The "Priest," they called him. "Fight
tuberculosis, folks."
People hurried by, gray shadows on a distant
wall.
It was getting late and no money to score.
He turned into a side street and the lake wind
hit him like a knife.
Cab stop just ahead under a streetlight.
Boy got out with a suitcase. Thin kid in prep
school clothes,
familiar face, the Priest told himself, watching
from the doorway.
"Remindsme of something a long time ago." The
boy, there, with his overcoat
unbuttoned, reaching into his pants pocket for
the cab fare.
The cab drove away and turned the corner. The boy
went inside
a building. "Hmm, yes, maybe" - the suitcase was
there in the doorway.
The boy nowhere in sight. Gone to get the keys,
most likely,
have to move fast. He picked up the suitcase and
started for the corner.
Made it. Glanced down at the case. It didn't look
like the case the boy had,
or any boy would have. The Priest couldn't put
his finger on what was so
old about the case. Old and dirty, poor quality
leather, and heavy.
Better see what's inside. He turned into Lincoln
Park, found an
empty place and opened the case. Two severed
human legs that belonged to
a young man with dark skin. Shiny black leg hairs
glittered in the
dim streetlight. The legs had been forced into
the case and he had to use
his knee on the back of the case to shove them
out. "Legs, yet,"
he said, and walked quickly away with the case.

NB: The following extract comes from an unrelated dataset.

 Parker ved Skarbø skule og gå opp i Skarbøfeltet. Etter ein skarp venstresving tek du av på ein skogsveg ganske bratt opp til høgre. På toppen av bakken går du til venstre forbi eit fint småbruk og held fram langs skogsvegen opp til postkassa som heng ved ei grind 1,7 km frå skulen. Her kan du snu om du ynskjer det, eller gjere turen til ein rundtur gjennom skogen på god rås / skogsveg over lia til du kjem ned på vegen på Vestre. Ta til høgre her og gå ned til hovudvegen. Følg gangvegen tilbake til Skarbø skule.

Might bring a few dollars to score. The buyer
sniffed suspiciously.
"Kind of a funny smell about it." "It's just
Mexican leather."
"Well, some joker didn't cure it."
The buyer looked at the case with cold disfavor.
"Not even right sure he killed it, whatever it
is.
Three is the best I can do and it hurts. But
since this is Christmas
and you're the Priest..." he slipped three bills
under the table into the
Priest's dirty hand. The Priest faded into the
street shadows, seedy
and furtive. Three cents didn't buy a bag,
nothing less than a nickel.
Say, remember that old Addie croaker told me not
to come back unless
I paid him the three cents I owe him. Yeah, isn't
that a fruit for ya,
blow your stack about three lousy cents.
The doctor was not pleased to see him.
"Now, what do you WANT? I TOLD you!"
The Priest laid three bills on the table. The
doctor put the
money in his pocket and started to scream.

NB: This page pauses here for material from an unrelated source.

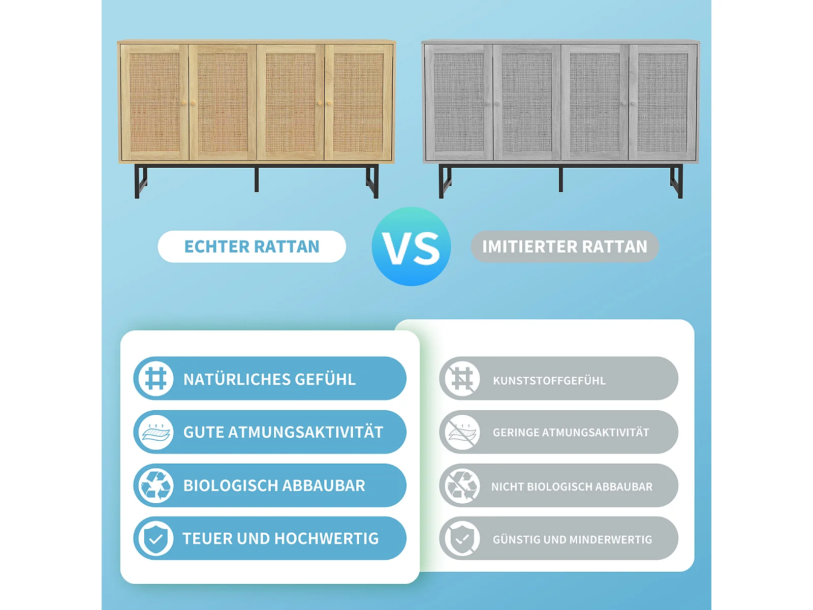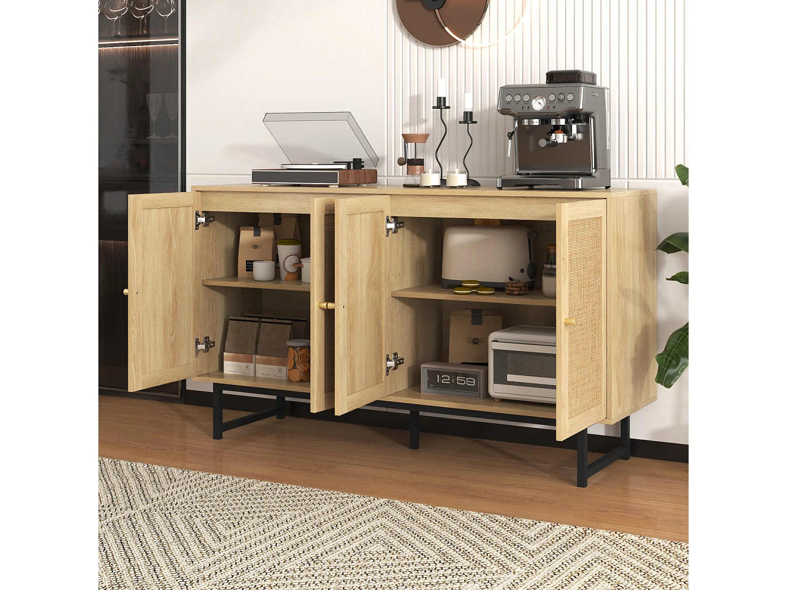 Buffet en rotin naturel 140 x 39,5x80 cm, 4 portes, style naturel et aéré, stable et durable, idéal salon, salle à manger et chambre

"I've had TROUBLES! PEOPLE have been around!
I may lose my LICENSE!" The Priest just sat
there, eyes, old and heavy with
years of junk, on the doctor's face.
"I can't write you a prescription." The doctor
jerked open a drawer
and slid an ampule across the table. "That's all
I have in the OFFICE!"
The doctor stood up. "Take it and GET OUT!" he
screamed, hysterical.
The Priest's expression did not change.
The doctor added in quieter tones, "After all,
I'm a professional man,
and I shouldn't be bothered by people like you."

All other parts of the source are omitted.